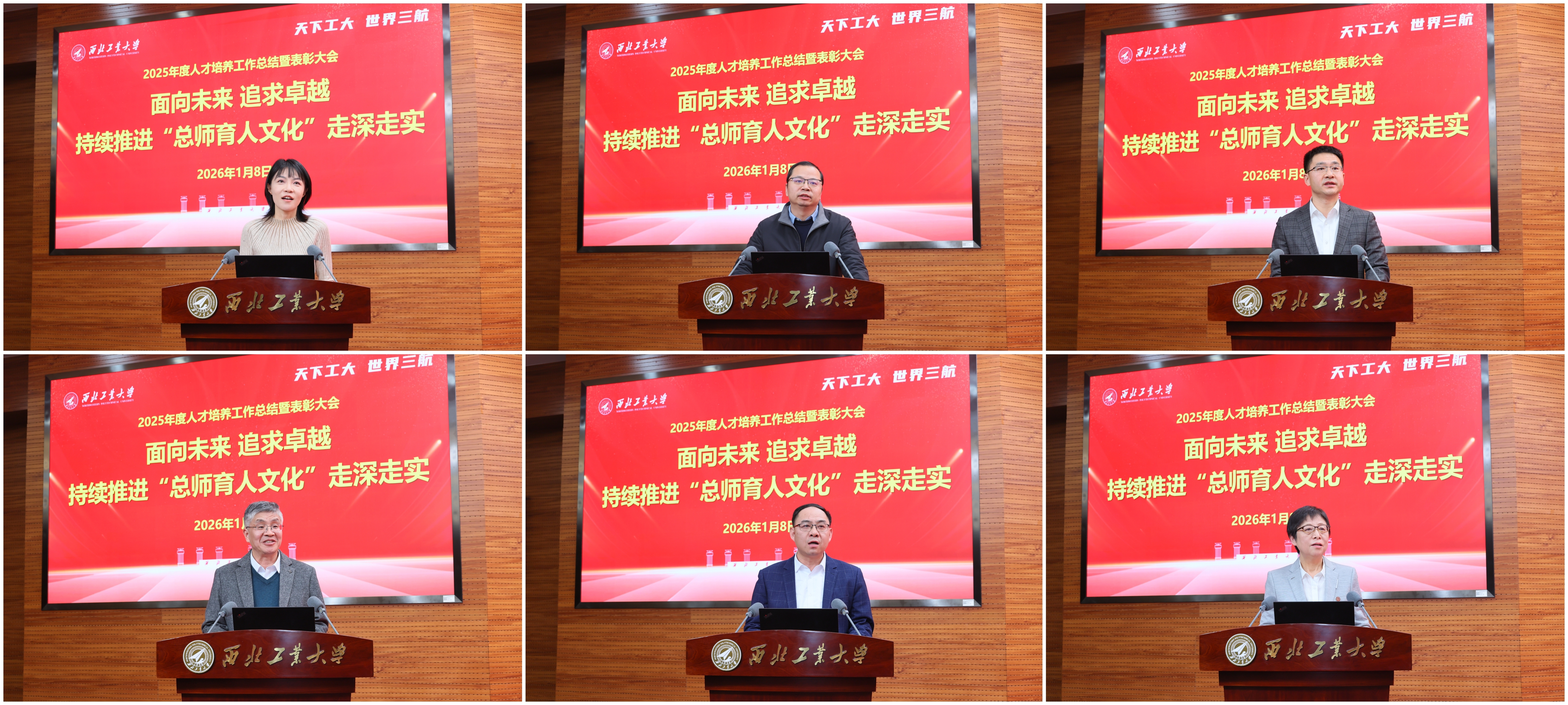 教务部部长王海鹏、研究生院院长朱继宏、党委学生工作部部长于辉、团委书记佘磊磊、国际合作处处长孔杰作年度人才培养工作总结汇报。航天学院党委书记黄越、机电学院党委书记张映峰、电子信息学院党委书记侯俊、数学与统计学院院长聂玉峰、国家卓越工程师学院常务副院长蒋建军作工作经验交流汇报。教师代表赵美英教授作交流发言。
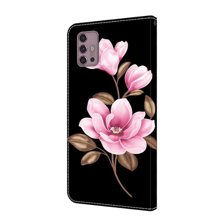 Funda de Cuero Pintada a Mano para Motorola Moto G30 (Flores Negras)
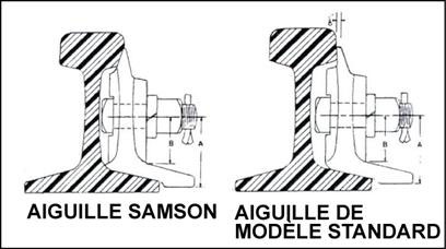Dans une aiguille Samson, l'angle du coin inférieur du champignon du côté intérieur de la contre-aiguille est usiné de façon que l'aiguille s'appuie sur la contre-aiguille. On dit alors que la contre-aiguille est « usinée ». La contre-aiguille usinée sert à protéger l'aiguille des impacts directs contre les boudins des roues des wagons en mouvement, et l'angle permet de résister au désaffleurement des abouts de rails entre les aiguilles et les contre-aiguilles lors du passage des trains. Les contre-aiguilles munies d'aiguilles Samson sont usinées des deux bouts lors de leur fabrication, de façon qu'on puisse les installer de n'importe quel côté de la voie. La figure 2 compare les sections transversales des aiguilles Samson et des aiguilles standard.
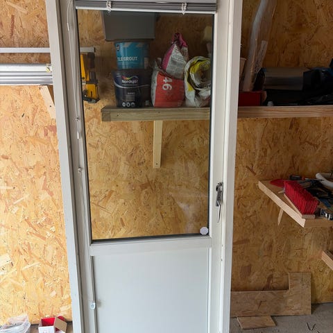 Stabil FD ytterdörr med glaspartier. Dörren är vit och har flera glasrutor i överdelen samt en slät nedre panel. Modellen är öppningsbar och avsedd som ytterdörr. Passar till bostad, förråd eller liknande där man önskar ljusinsläpp genom glasrutorna. Exakta mått och hängning framgår av märkningen på etiketten på karmen (Stabil FD Öppn bar BP01 HÖ 10-21-13). Inbyggd ventilation. Spröjs går att ta bort om man vill ha det så, det går även att sätta in lås så att man kan låsa både inifrån som utifrån, passande original handtag går att köpa till i handel för mellan 500-700kr. Den här dörren kostar ca:12 000 i handeln
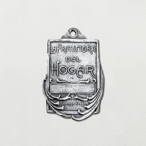 The reverse side of the medallion bears the inscription "La Protectora del Hogar" ("The Protector of the Home") with an elegant, flowing font framed by graceful botanical elements, and marked with "Buenos Aires" at the bottom, hinting at its South American origins. The design offers a heartfelt invocation for divine safeguarding of the household.
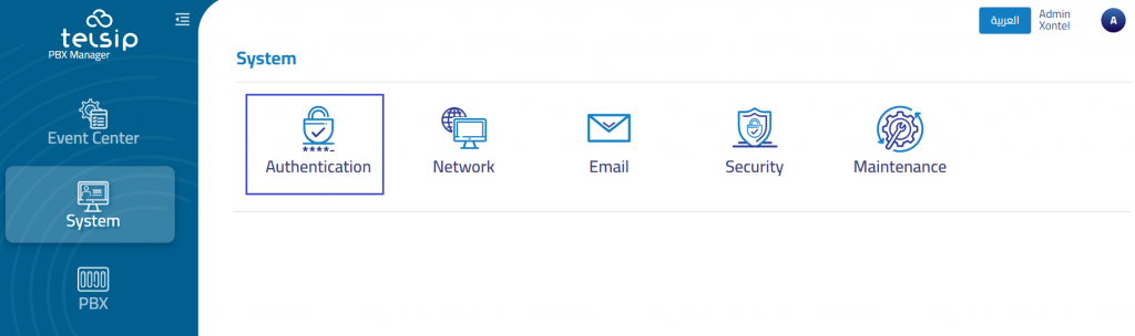 Control access to your PBX system by managing users, groups, and permissions from the Authentication section, ensuring secure and role-based system usage.
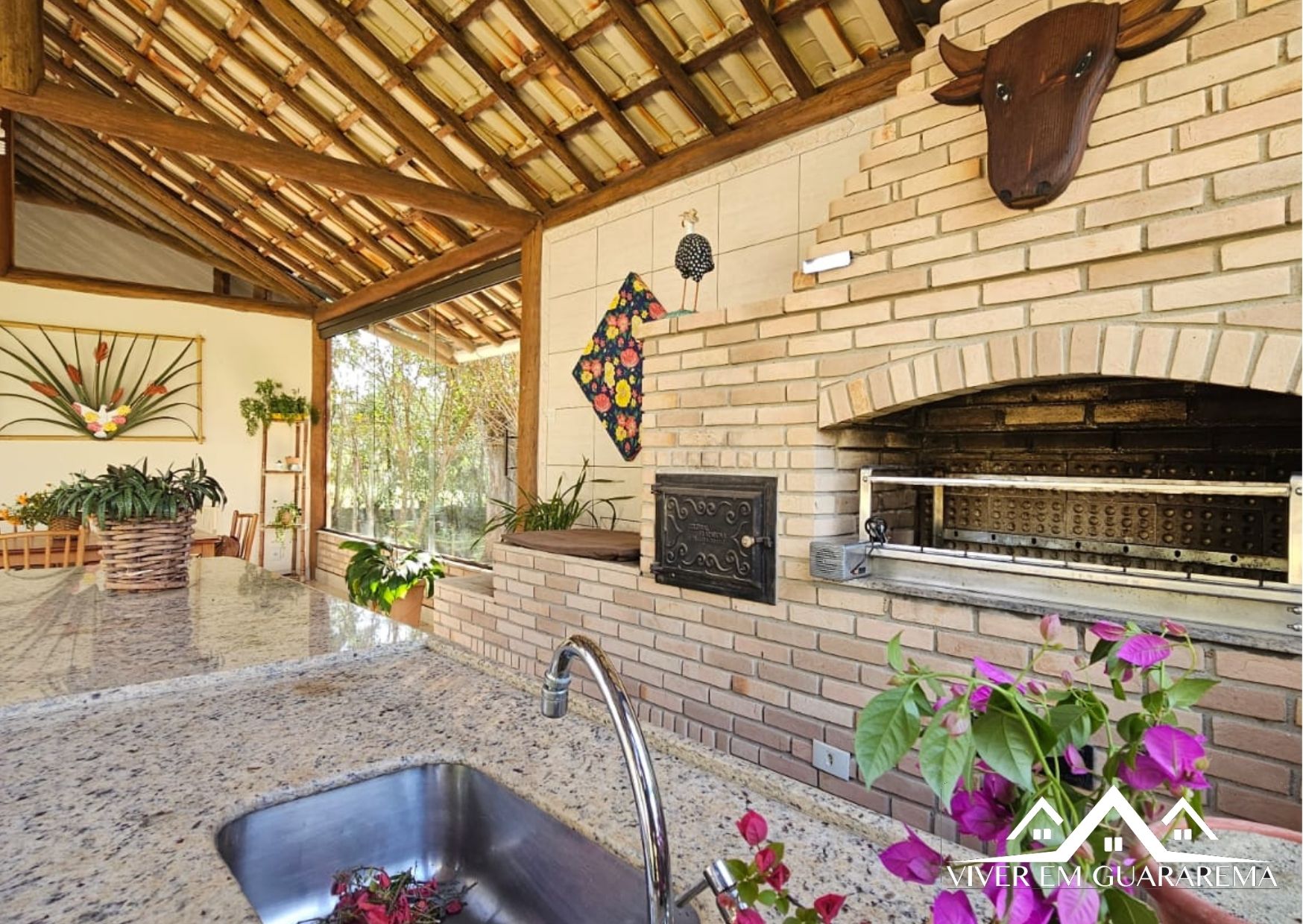 CASA PRINCIPAL: espaço gourmet de 80 mts2,com fogão a lenha com forno e Churrasqueira com 8 espetos giratórios. Ilha pia.
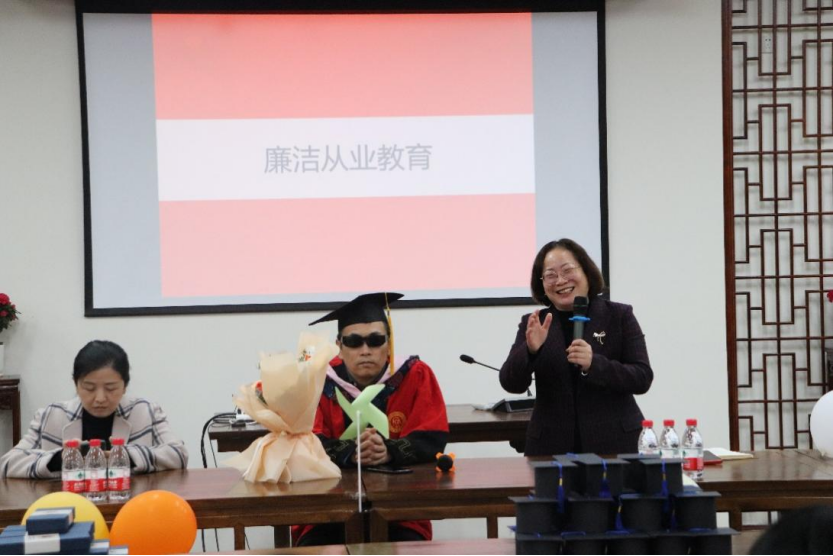 明朝即长路,惜取此时心。周院长和高书记代表学院为毕业生送上学院专属定制礼物,表达学院对毕业学子的深切关心。随后袁老师为毕业生开展了廉洁从业教育,以期毕业学子在未来工作与生活中循梦而行、向阳而生。伴着最后的师生交流活动,毕业座谈会慢慢接近尾声,毕业生与昔日深切教诲的老师回忆美好,畅谈未来。
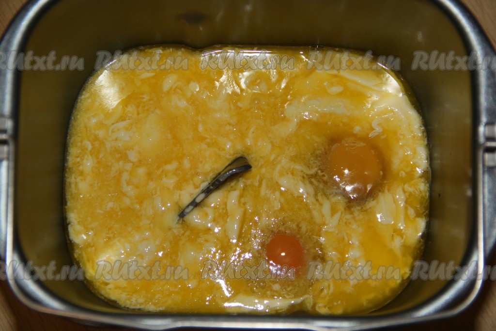 В ведёрко хлебопечки вылить молоко, добавить яйца, масло, сахар и соль.
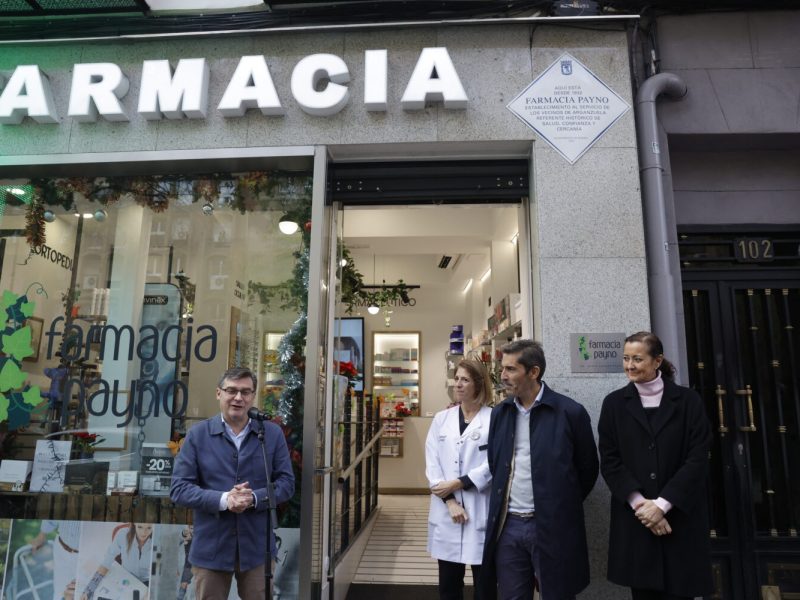 González y Navarro descubren la placa conmemorativa de una farmacia centenaria accesible gracias al Plan Adapta
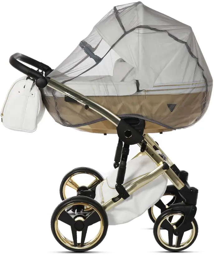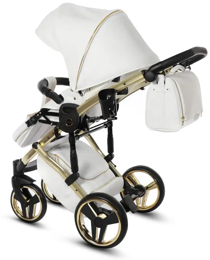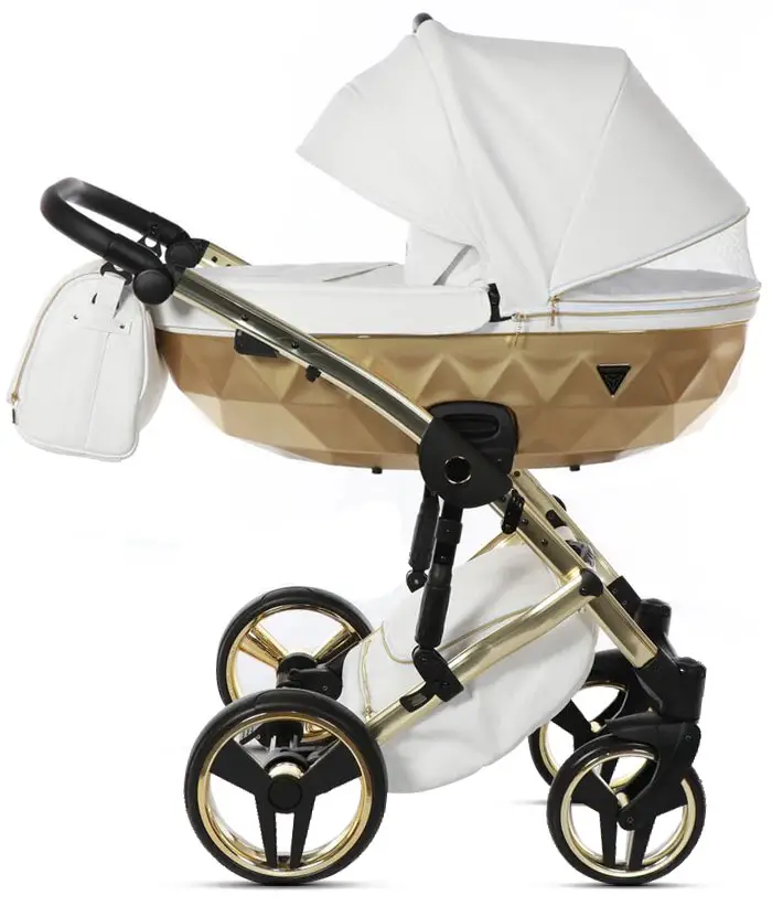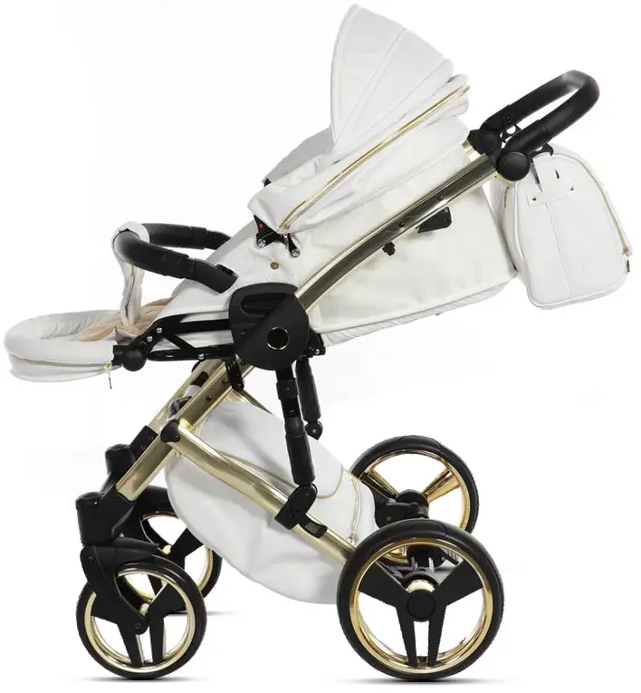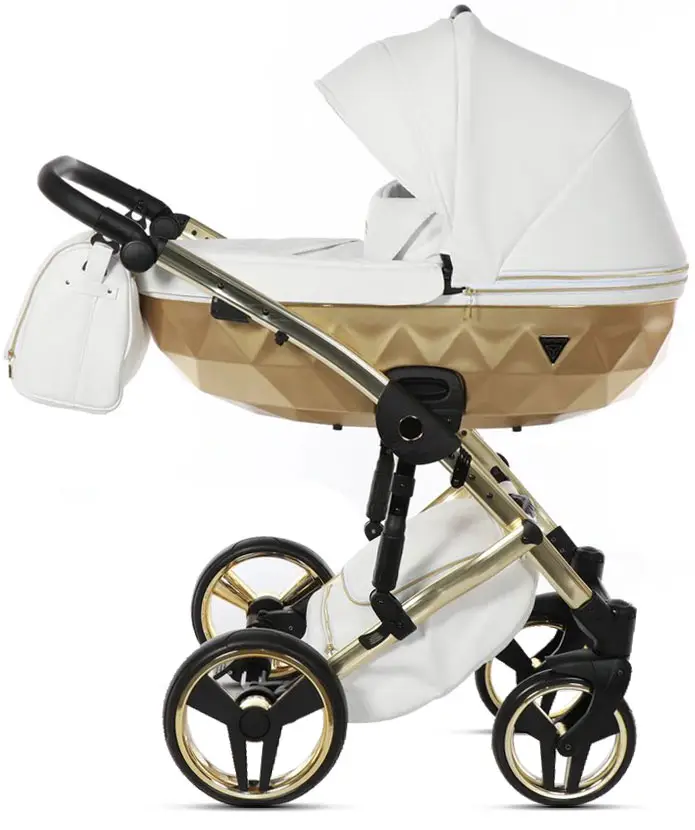 Коляска Junama Mirror Satin 2 в 1 белый, короб и рама матовое золото
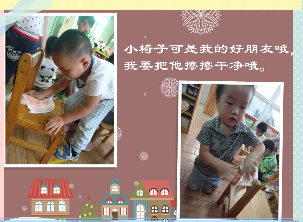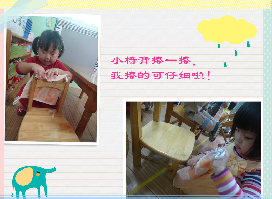 擦擦小椅子的椅子背,我每天都要和他们做朋友呢!
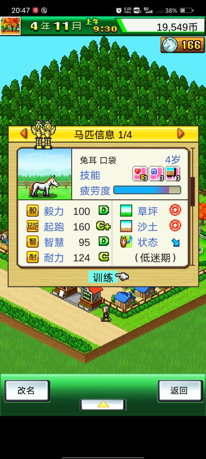 本人其实以前在tgbus上写过这个游戏攻略,你们看到的很多资料都来自那个时候的我……这次重玩很遗憾发现当时写的都不在了,还好硬盘保存有表格,于是重新玩了一遍。如果现在还有人重温这个游戏,可以参考一下这个攻略:1.开局不要买两匹城堡(现在好像叫庄园?)。买一匹城堡。赢下第一场比赛后,就立即研究血统,买兔耳马。我默认你买的都是白马了。2.所有月份都安排比赛,且马都要训练,不要在放牧地休息(前期我就
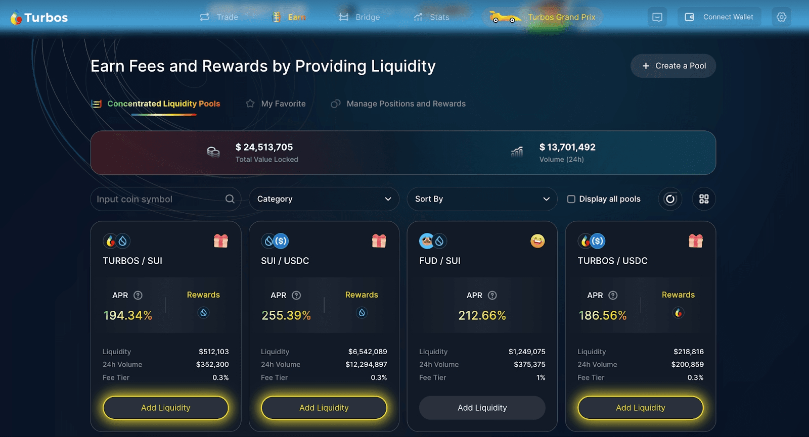 Turbos Finance hat seit seiner Einführung im Juni 2022 Investitionen von Institutionen wie Mysten Labs und Jump Crypto angezogen. Das zentralisierte Liquiditätsdesign von Turbos ermöglicht es Benutzern, marktbildende Preisspannen anzupassen und die Rendite auf der Grundlage der entsprechenden jährlichen Rendite (APR) zu maximieren, während höchst ungewisse Verluste vermieden werden. Darüber hinaus hat Turbos die #wormhole-Funktion integriert, um Benutzern den kettenübergreifenden Handel mit Vermögenswerten zum Sui Network zu erleichtern.
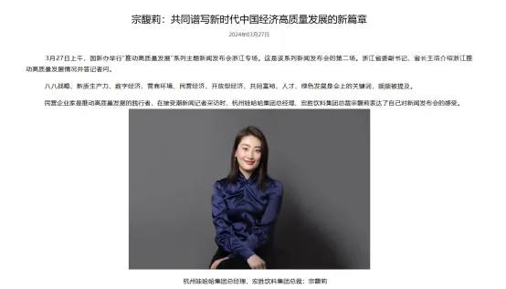 但是,今年3月27日,娃哈哈集团官网转载的一篇官方报道,宗馥莉的身份为“杭州娃哈哈集团总经理、宏胜饮料集团总裁宗馥莉”。

• [ABOUT THIS TASK]: From the entries above, write out every line without a single change, skipping the images.

• [RESPONSE BELOW]:
 教务部部长王海鹏、研究生院院长朱继宏、党委学生工作部部长于辉、团委书记佘磊磊、国际合作处处长孔杰作年度人才培养工作总结汇报。航天学院党委书记黄越、机电学院党委书记张映峰、电子信息学院党委书记侯俊、数学与统计学院院长聂玉峰、国家卓越工程师学院常务副院长蒋建军作工作经验交流汇报。教师代表赵美英教授作交流发言。
 Funda de Cuero Pintada a Mano para Motorola Moto G30 (Flores Negras)
Dans une aiguille Samson, l'angle du coin inférieur du champignon du côté intérieur de la contre-aiguille est usiné de façon que l'aiguille s'appuie sur la contre-aiguille. On dit alors que la contre-aiguille est « usinée ». La contre-aiguille usinée sert à protéger l'aiguille des impacts directs contre les boudins des roues des wagons en mouvement, et l'angle permet de résister au désaffleurement des abouts de rails entre les aiguilles et les contre-aiguilles lors du passage des trains. Les contre-aiguilles munies d'aiguilles Samson sont usinées des deux bouts lors de leur fabrication, de façon qu'on puisse les installer de n'importe quel côté de la voie. La figure 2 compare les sections transversales des aiguilles Samson et des aiguilles standard.
 Stabil FD ytterdörr med glaspartier. Dörren är vit och har flera glasrutor i överdelen samt en slät nedre panel. Modellen är öppningsbar och avsedd som ytterdörr. Passar till bostad, förråd eller liknande där man önskar ljusinsläpp genom glasrutorna. Exakta mått och hängning framgår av märkningen på etiketten på karmen (Stabil FD Öppn bar BP01 HÖ 10-21-13). Inbyggd ventilation. Spröjs går att ta bort om man vill ha det så, det går även att sätta in lås så att man kan låsa både inifrån som utifrån, passande original handtag går att köpa till i handel för mellan 500-700kr. Den här dörren kostar ca:12 000 i handeln
 The reverse side of the medallion bears the inscription "La Protectora del Hogar" ("The Protector of the Home") with an elegant, flowing font framed by graceful botanical elements, and marked with "Buenos Aires" at the bottom, hinting at its South American origins. The design offers a heartfelt invocation for divine safeguarding of the household.
 Control access to your PBX system by managing users, groups, and permissions from the Authentication section, ensuring secure and role-based system usage.
 CASA PRINCIPAL: espaço gourmet de 80 mts2,com fogão a lenha com forno e Churrasqueira com 8 espetos giratórios. Ilha pia.
 明朝即长路,惜取此时心。周院长和高书记代表学院为毕业生送上学院专属定制礼物,表达学院对毕业学子的深切关心。随后袁老师为毕业生开展了廉洁从业教育,以期毕业学子在未来工作与生活中循梦而行、向阳而生。伴着最后的师生交流活动,毕业座谈会慢慢接近尾声,毕业生与昔日深切教诲的老师回忆美好,畅谈未来。
 В ведёрко хлебопечки вылить молоко, добавить яйца, масло, сахар и соль.
 González y Navarro descubren la placa conmemorativa de una farmacia centenaria accesible gracias al Plan Adapta
 Коляска Junama Mirror Satin 2 в 1 белый, короб и рама матовое золото
 擦擦小椅子的椅子背,我每天都要和他们做朋友呢!
 本人其实以前在tgbus上写过这个游戏攻略,你们看到的很多资料都来自那个时候的我……这次重玩很遗憾发现当时写的都不在了,还好硬盘保存有表格,于是重新玩了一遍。如果现在还有人重温这个游戏,可以参考一下这个攻略:1.开局不要买两匹城堡(现在好像叫庄园?)。买一匹城堡。赢下第一场比赛后,就立即研究血统,买兔耳马。我默认你买的都是白马了。2.所有月份都安排比赛,且马都要训练,不要在放牧地休息(前期我就
 Turbos Finance hat seit seiner Einführung im Juni 2022 Investitionen von Institutionen wie Mysten Labs und Jump Crypto angezogen. Das zentralisierte Liquiditätsdesign von Turbos ermöglicht es Benutzern, marktbildende Preisspannen anzupassen und die Rendite auf der Grundlage der entsprechenden jährlichen Rendite (APR) zu maximieren, während höchst ungewisse Verluste vermieden werden. Darüber hinaus hat Turbos die #wormhole-Funktion integriert, um Benutzern den kettenübergreifenden Handel mit Vermögenswerten zum Sui Network zu erleichtern.
 但是,今年3月27日,娃哈哈集团官网转载的一篇官方报道,宗馥莉的身份为“杭州娃哈哈集团总经理、宏胜饮料集团总裁宗馥莉”。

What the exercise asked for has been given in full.